There was also a personal challenge behind the trip for downwind expert and AFS’ International Business Manager, Richard Boudia: to explore the world through downwinding and travel amongst the most beautiful places on Earth. He confirmed that the Scottish coast is now definitely one of them.

“We were able to discover beautiful landscapes and the perfect sailing conditions allowed us to go out on the water every day and to enjoy it to the full. As we crossed the country, we soaked up the local culture, from breakfasts in Scottish pubs, to meeting the famous highland cows.”

Alan Fedit

As ever, we are at the mercy of the weather, thankfully mild for the time of year, and the winds truly delivered. Early excitement and build up led to a perfect 30km downwinder route, from Easdale to Oban. Then the wind swung to the SE and increased, heralding a storm that was best tackled on Loch Fyne. A further 16km downwind in 50 knot squalls against an outgoing tide, all in torrential, driving rain.
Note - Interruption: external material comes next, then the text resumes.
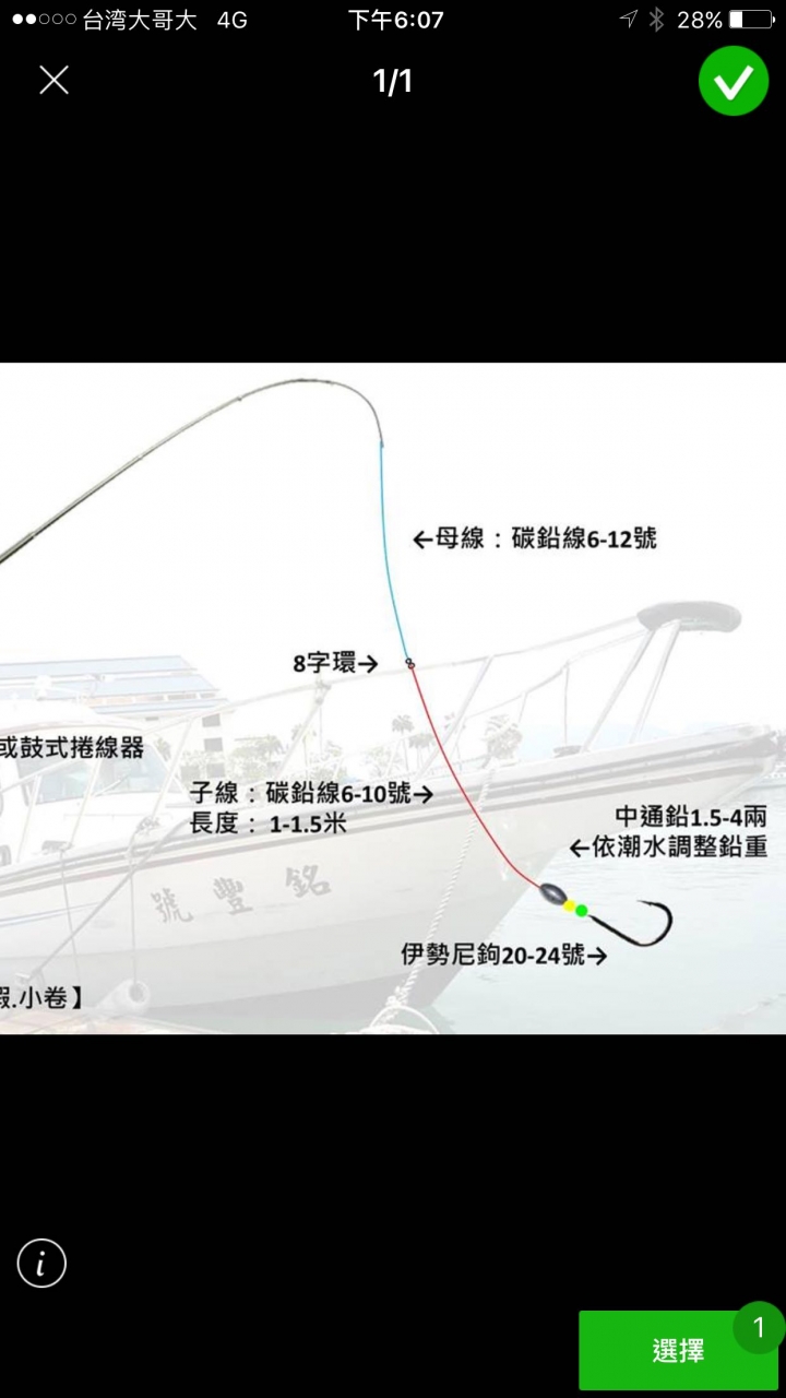 allen866129 wrote:我所貼的圖是一位船長提供的,但是我自己幾次作釣後發現,子線及母線越粗越好,我原先也使用6號卡夢線當子線,上上週中大魚,拉了半天快出水時竟然被魚修理了---斷線,所以馬上修改成10號卡夢線當子線,母線用6號PE線,我習慣在母線尾端用大顆的別針轉環,這樣斷線後更換子線釣組比較方便。我要釣魚前晚都先綁好10組以上釣組子線。以上是相關器件及我綁好後的釣組,讓你參考。 謝謝啦如果淺場(10米20米)是不是用牛車輪配個鮸魚竿就夠了??

Unfortunately, none of the footage was suitable for the final film although the tales, experiences and adventures of that particular day will stay with us all. We then diverted to Dunadd (Gaelic “Dún Ad”) meaning “fort on the river”, a hill fort, in the area of Argyll and Bute, dating from the iron age. It is believed to be the capital of the ancient kingdom of Dal Riata, a seat of the kings. It was great taking it all in. When the storm passed, the wind disappeared, the sun came out and a little swell remained. Although not specifically what we traveled north for, a memorable surf foil sessions was scored at Machrihanish, all within sight of Northern Ireland, just across the channel.
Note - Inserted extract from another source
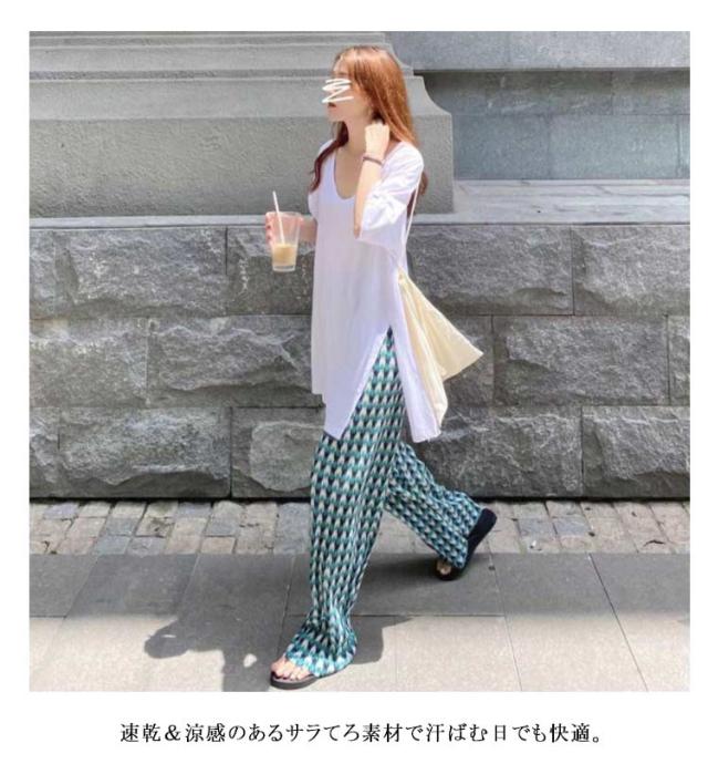 | S-3XL!おしゃれデザインのレディースワイドパンツ 速乾&涼感のあるサラてろ素材で汗ばむ日でも快適。 伸縮性抜群のウエストゴムでお腹周りも楽ちん。 広がり過ぎないストレートシルエットが大人な雰囲気を演出してくれるので、ラフすぎないスタイリングにも! | |

“For this trip we had to make some sacrifices, notably on our sleep and letting Bruno Andre drive the truck for both of the 12-hour drives, but I’m very happy to have captured a great surf foil session at sunset, to have met this beautiful team…”

Clement Nicolet

Our final day of filming took us from Oban, across the Isle of Mull to Iona, with all of us visitors totally unaware of the breathtaking scenery we were crossing in the darkest of mornings before sunrise. It was one of the best breakfasts I have ever had and certainly the only one I had risen at 3am for! The aim of the day was to search out crystal clear green waters to add to our footage. This was not to be, however we did score a fun session in a dropping breeze at the tiny Isle of Ioan, beautiful and remote yet an ancient center of learning and religion. These remote Islands had a greater population in ancient times than they do today. The Highland scenery on the drive back to the mainland was simply breathtaking, stunning… words fail it. Back in Oban, Patrick kindly hosted us for a final evening’s BBQ, including scallops he’d retrieved from the seabed himself. Highland cows, rainbows galore, waves and smiles, Dal Riata truly delivered and lifelong memories and friendships were built.

Striving to develop the best foiling products also means going out to meet real enthusiasts, exchanging ideas, sailing together, testing the equipment in all possible conditions. Observing, listening, experiencing. Taking inspiration from all possible angles in order to be attentive and in constant evolution.

And what did we conclude from the trip? Whilst the craft we travel on have developed, the coastlines and waters of Dal Riata remain timeless.